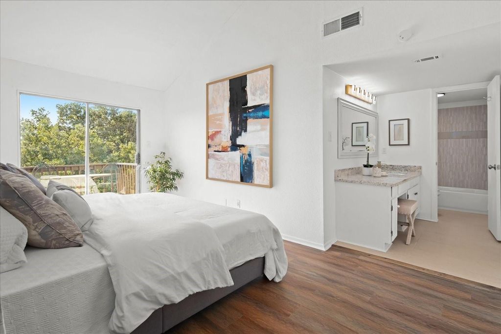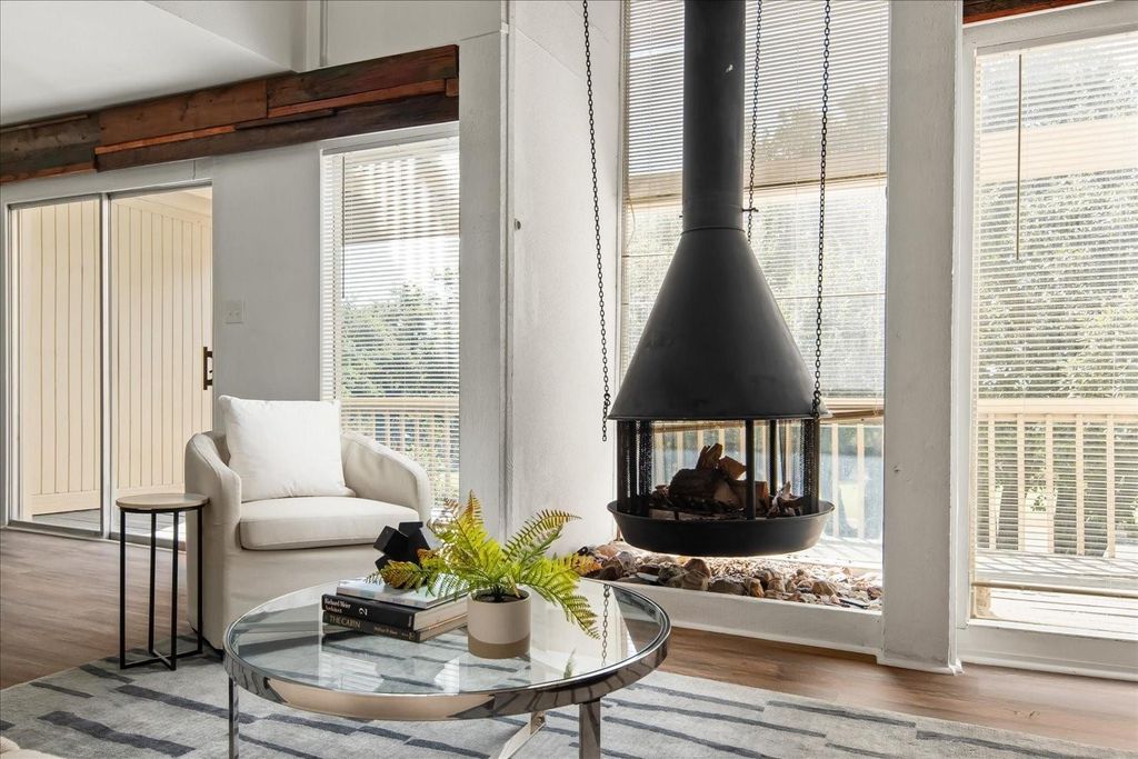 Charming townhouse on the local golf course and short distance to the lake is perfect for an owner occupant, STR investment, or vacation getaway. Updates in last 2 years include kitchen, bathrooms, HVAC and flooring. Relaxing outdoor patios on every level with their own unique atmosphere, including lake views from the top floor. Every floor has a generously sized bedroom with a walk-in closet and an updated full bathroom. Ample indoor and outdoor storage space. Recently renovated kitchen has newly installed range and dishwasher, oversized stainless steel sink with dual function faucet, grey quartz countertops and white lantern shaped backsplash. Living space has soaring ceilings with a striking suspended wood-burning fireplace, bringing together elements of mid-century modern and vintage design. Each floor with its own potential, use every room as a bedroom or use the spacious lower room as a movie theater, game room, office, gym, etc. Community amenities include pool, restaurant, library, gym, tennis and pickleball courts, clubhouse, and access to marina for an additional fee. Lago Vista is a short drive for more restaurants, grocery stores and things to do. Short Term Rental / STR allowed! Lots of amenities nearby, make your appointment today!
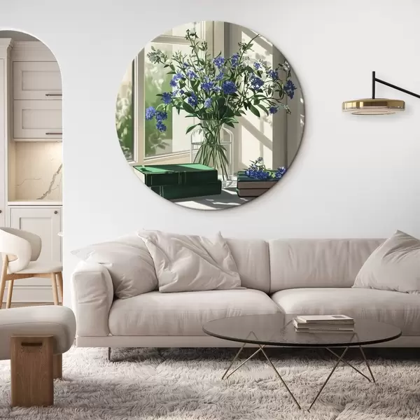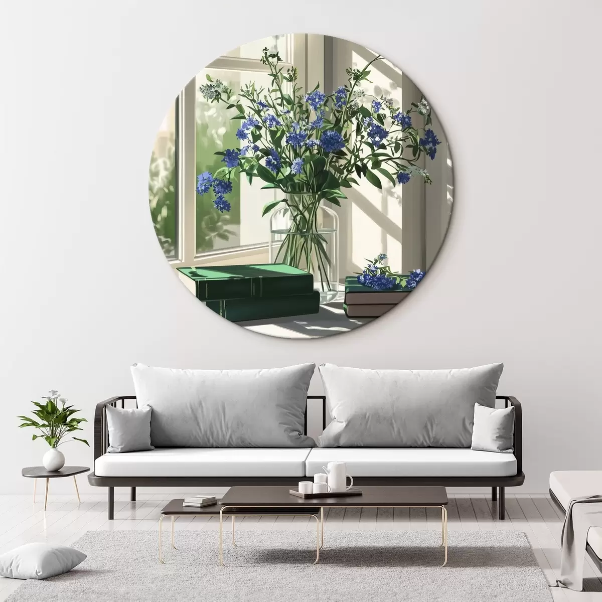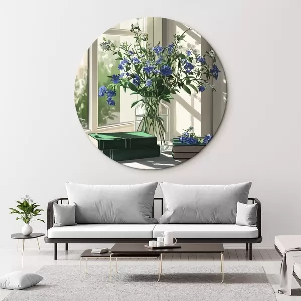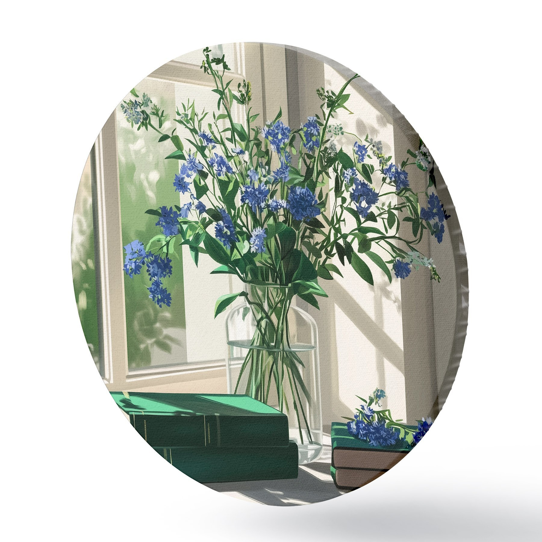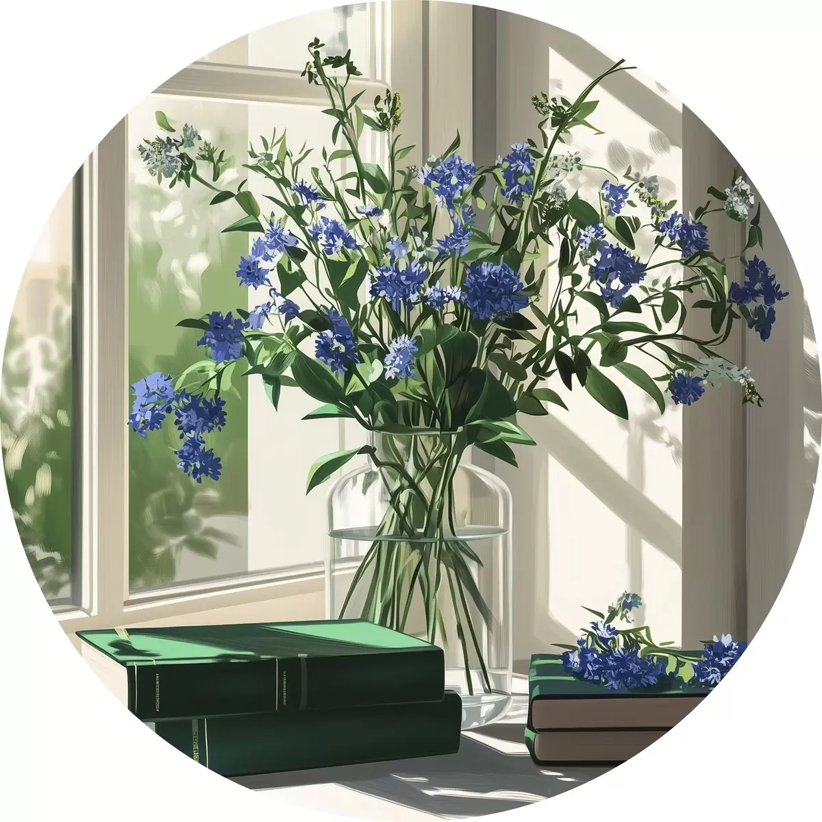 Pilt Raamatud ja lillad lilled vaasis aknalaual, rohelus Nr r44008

++++

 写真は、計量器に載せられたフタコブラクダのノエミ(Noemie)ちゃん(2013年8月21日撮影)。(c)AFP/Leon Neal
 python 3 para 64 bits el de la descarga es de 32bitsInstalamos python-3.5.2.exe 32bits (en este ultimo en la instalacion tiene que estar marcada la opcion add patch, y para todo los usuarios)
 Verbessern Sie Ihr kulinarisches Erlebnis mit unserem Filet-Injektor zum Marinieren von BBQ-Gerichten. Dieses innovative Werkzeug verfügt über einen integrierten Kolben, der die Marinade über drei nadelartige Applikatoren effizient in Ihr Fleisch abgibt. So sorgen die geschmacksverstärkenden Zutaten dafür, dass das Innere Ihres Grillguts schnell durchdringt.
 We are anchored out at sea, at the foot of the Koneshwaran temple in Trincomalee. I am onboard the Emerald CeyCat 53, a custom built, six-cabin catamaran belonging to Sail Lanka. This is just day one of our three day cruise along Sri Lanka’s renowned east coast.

++++

The response should hold exactly the lines starting at the line with "python 3 para" and ending at the line with "We are anchored", and no other line of the material above.

 python 3 para 64 bits el de la descarga es de 32bitsInstalamos python-3.5.2.exe 32bits (en este ultimo en la instalacion tiene que estar marcada la opcion add patch, y para todo los usuarios)
 Verbessern Sie Ihr kulinarisches Erlebnis mit unserem Filet-Injektor zum Marinieren von BBQ-Gerichten. Dieses innovative Werkzeug verfügt über einen integrierten Kolben, der die Marinade über drei nadelartige Applikatoren effizient in Ihr Fleisch abgibt. So sorgen die geschmacksverstärkenden Zutaten dafür, dass das Innere Ihres Grillguts schnell durchdringt.
 We are anchored out at sea, at the foot of the Koneshwaran temple in Trincomalee. I am onboard the Emerald CeyCat 53, a custom built, six-cabin catamaran belonging to Sail Lanka. This is just day one of our three day cruise along Sri Lanka’s renowned east coast.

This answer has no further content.